Being faithful in the closet

Hi everyone
This is pretty difficult for me to put down in a public forum, but I am going through a bit of a crisis of faith so to speak. From what I’ve figured I probably fit the definition of being a closeted homosexual and this is the first time I’ve told anyone ever. This has been a very difficult post for me to even consider. I have an extremely loving family who are all very conservative, and as it stands I don’t think I can ever reveal my secret to them because I can’t imagine hurting those who sacrificed so much already for my happiness.

I have always sought a close relationship to God growing up, so as my sexual urges developed they shocked me. I had no desire for them and I prayed for them to go away, but lo and behold 10 years later they remain. I have never been in a relationship whatsoever, to me my urges are simply mechanical but boy howdy are they strong. As it stands I agree with pretty much all church social doctrine from abortion to women’s ordination and I truly want to seek union with God as humanly possible so this conflict pretty taxing.
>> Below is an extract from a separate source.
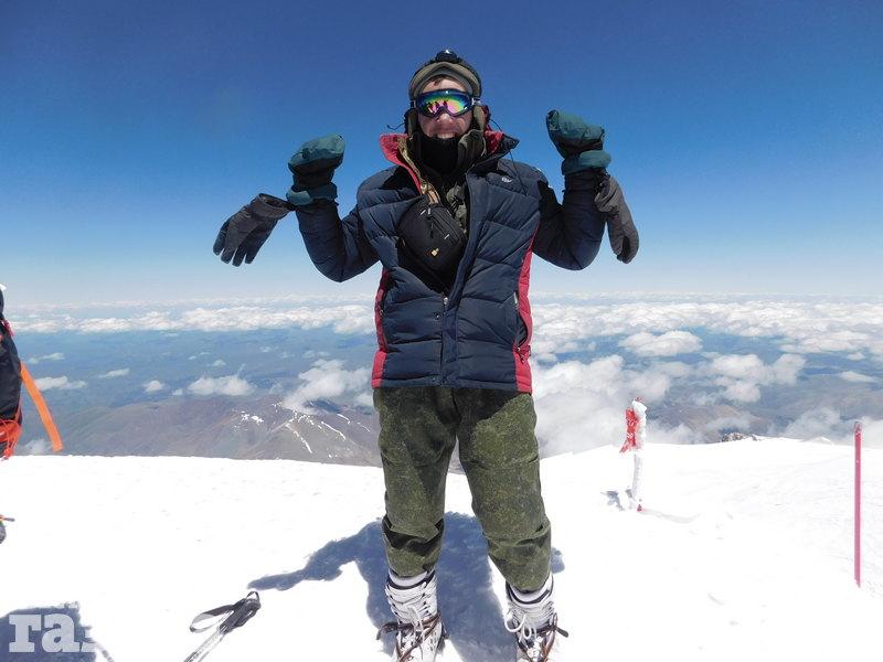 Когда Дима выезжал из Бреста, его рюкзак весил более 20 килограммов. При подъеме на Эльбрус он полегчал примерно наполовину: многое из содержимого рюкзака он надел на себя, а что-то оставил с другом в базовом лагере.

It is tearing my mind apart and occupies way too much of my energy for me to foresee much long term happiness. I’m also entering a field of work that is notoriously difficult, and I am afraid without a soul mate I might fall under pressure. I wouldn’t think it fair for the lady in the relationship if I were enter a heterosexual union.

Outside of that I love the church, there’s very few things that bring me more peace than to kneel down in an empty chapel and adore the Eucharist. But I can’t seem to reconcile these urges with god’s plan for me. This is one aspect in my prayer life in which god has been profoundly silent :shrug: Any thoughts?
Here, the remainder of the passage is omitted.